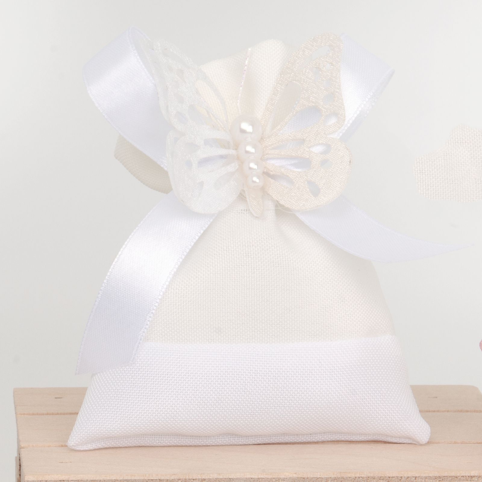 Il sacchettino portaconfetti con tiranti, fiocco e farfalla con perline centrali è un regalo elegante e raffinato per eventi speciali come comunioni, cresime, matrimoni e anniversari. Realizzato in cotone di alta qualità, misura circa 9 x 11 cm ed è disponibile nei colori bianco e panna.
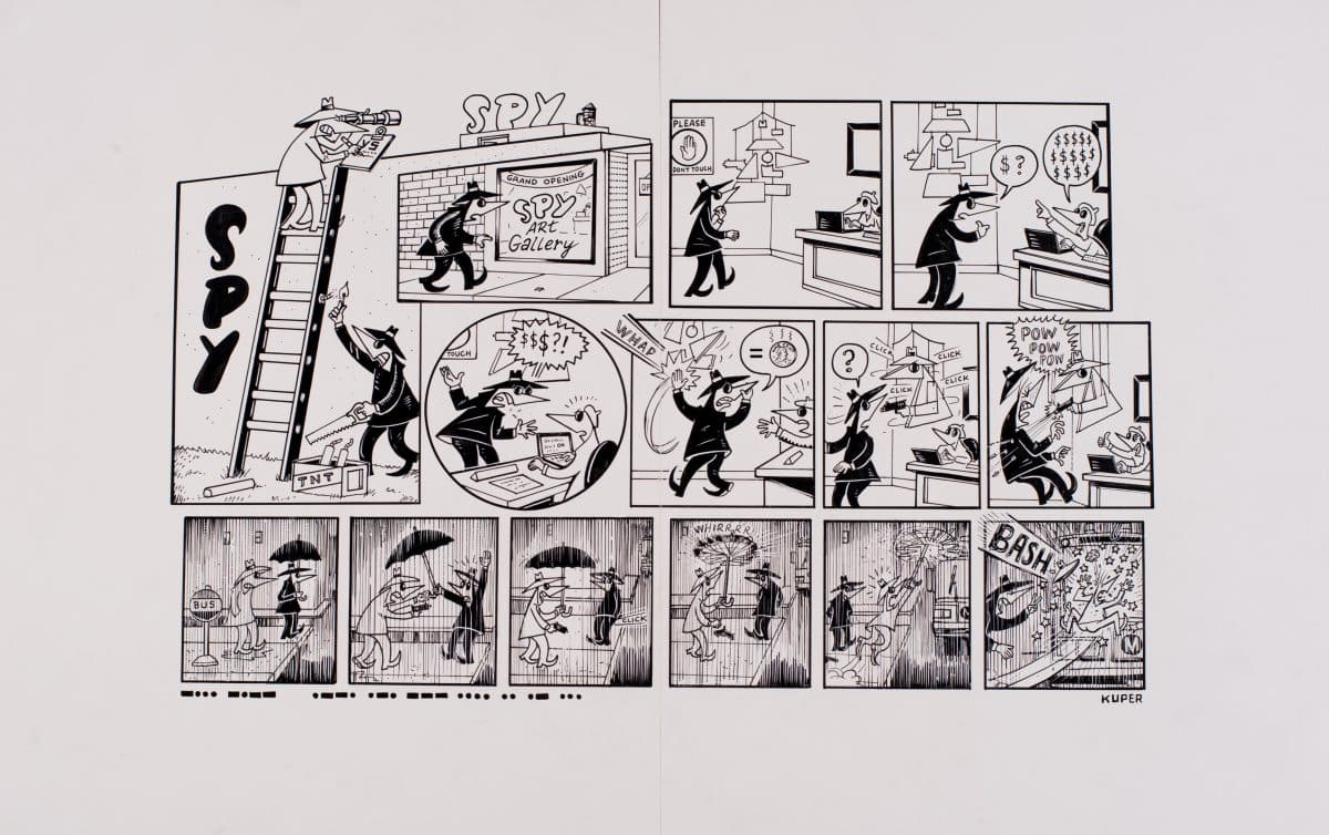 Più che muti si possono definire sicuramente kafkiani. Fra i lavori di questo tipo c’è anche la serie di strisce SPY VS SPY che pubblico per Mad Magazine. È stimolante consegnare delle storie ai lettori senza utilizzare, o utilizzando solo per lo stretto necessario, il linguaggio. Per questo devo fare attenzione a inserire delle immagini che possano essere comprese da te che stai in Italia, così come dal lettore che vive in Giappone o parla inglese, e questo processo di condensazione del senso nell’immagine è davvero interessante per me. Ciò che conta è individuare il simbolo universale, o in alternativa ciò che io posso trasformare in simbolo universale in base al contesto.
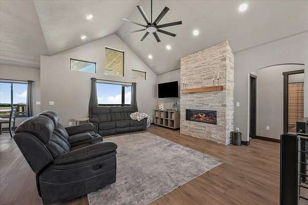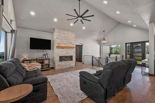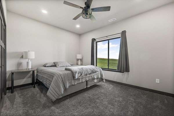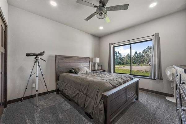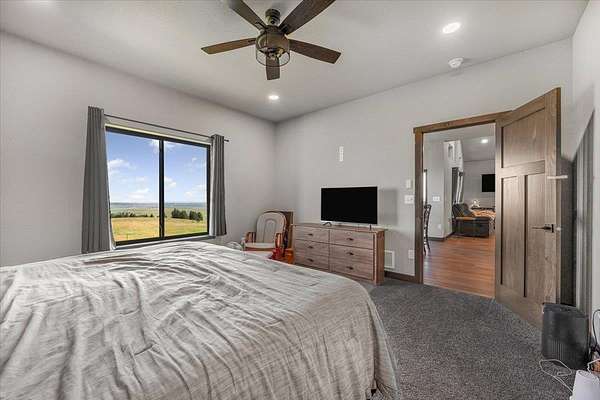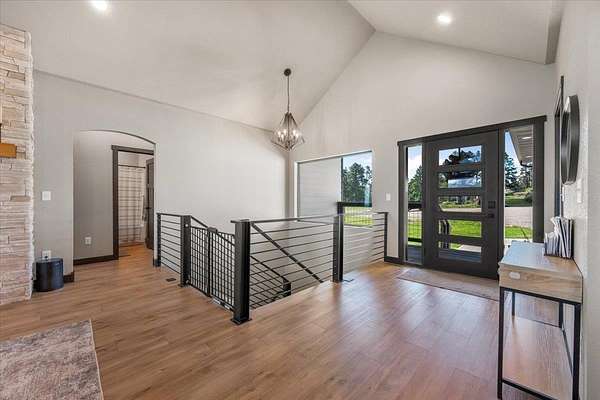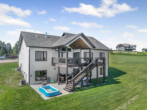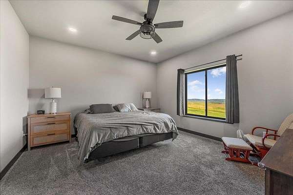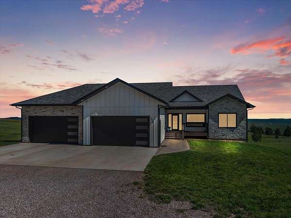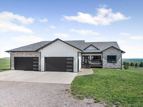 For more information, please contact listing agent Michael Warwick 605-641-2569 with Great Peaks Realty. This stunning 6-bedroom custom-built spacious home rests on 2-acres of scenic beauty conveniently located along the outskirts of Spearfish in Cedar Berry Canyon Estates! Just imagine the sunrises and sunsets you will capture while relaxing on the covered back deck! Gorgeous interior finishes include custom handrail, Cambria countertops, large kitchen island, walk-in pantry, large windows throughout inviting in the natural light, two gas log fireplaces, tankless water heater and reverse osmosis system. Primary ensuite on the main level features a spacious bath with soaker tub and tile walk-in shower with dual shower heads, large walk-in closet with convenient pass-through access to the laundry room/mudroom that is equipped with built-in lockers! Also, on the main level 2 additional bedrooms and bathroom provide perfect functionality for this spacious home. The walkout basement provide endless room for a game area, workout space, plus the large family room offering a wet bar and another gas fireplace for cozy movie nights, 3 large bedrooms and bathroom complete the home. Walkout to the covered backyard patio. You will love the huge 4-car garage. This classy home is a must-see!

- Exercise objective
Repeat the material exactly. Skip the images.

- Answer to this exercise
 Il sacchettino portaconfetti con tiranti, fiocco e farfalla con perline centrali è un regalo elegante e raffinato per eventi speciali come comunioni, cresime, matrimoni e anniversari. Realizzato in cotone di alta qualità, misura circa 9 x 11 cm ed è disponibile nei colori bianco e panna.
 Più che muti si possono definire sicuramente kafkiani. Fra i lavori di questo tipo c’è anche la serie di strisce SPY VS SPY che pubblico per Mad Magazine. È stimolante consegnare delle storie ai lettori senza utilizzare, o utilizzando solo per lo stretto necessario, il linguaggio. Per questo devo fare attenzione a inserire delle immagini che possano essere comprese da te che stai in Italia, così come dal lettore che vive in Giappone o parla inglese, e questo processo di condensazione del senso nell’immagine è davvero interessante per me. Ciò che conta è individuare il simbolo universale, o in alternativa ciò che io posso trasformare in simbolo universale in base al contesto.
 For more information, please contact listing agent Michael Warwick 605-641-2569 with Great Peaks Realty. This stunning 6-bedroom custom-built spacious home rests on 2-acres of scenic beauty conveniently located along the outskirts of Spearfish in Cedar Berry Canyon Estates! Just imagine the sunrises and sunsets you will capture while relaxing on the covered back deck! Gorgeous interior finishes include custom handrail, Cambria countertops, large kitchen island, walk-in pantry, large windows throughout inviting in the natural light, two gas log fireplaces, tankless water heater and reverse osmosis system. Primary ensuite on the main level features a spacious bath with soaker tub and tile walk-in shower with dual shower heads, large walk-in closet with convenient pass-through access to the laundry room/mudroom that is equipped with built-in lockers! Also, on the main level 2 additional bedrooms and bathroom provide perfect functionality for this spacious home. The walkout basement provide endless room for a game area, workout space, plus the large family room offering a wet bar and another gas fireplace for cozy movie nights, 3 large bedrooms and bathroom complete the home. Walkout to the covered backyard patio. You will love the huge 4-car garage. This classy home is a must-see!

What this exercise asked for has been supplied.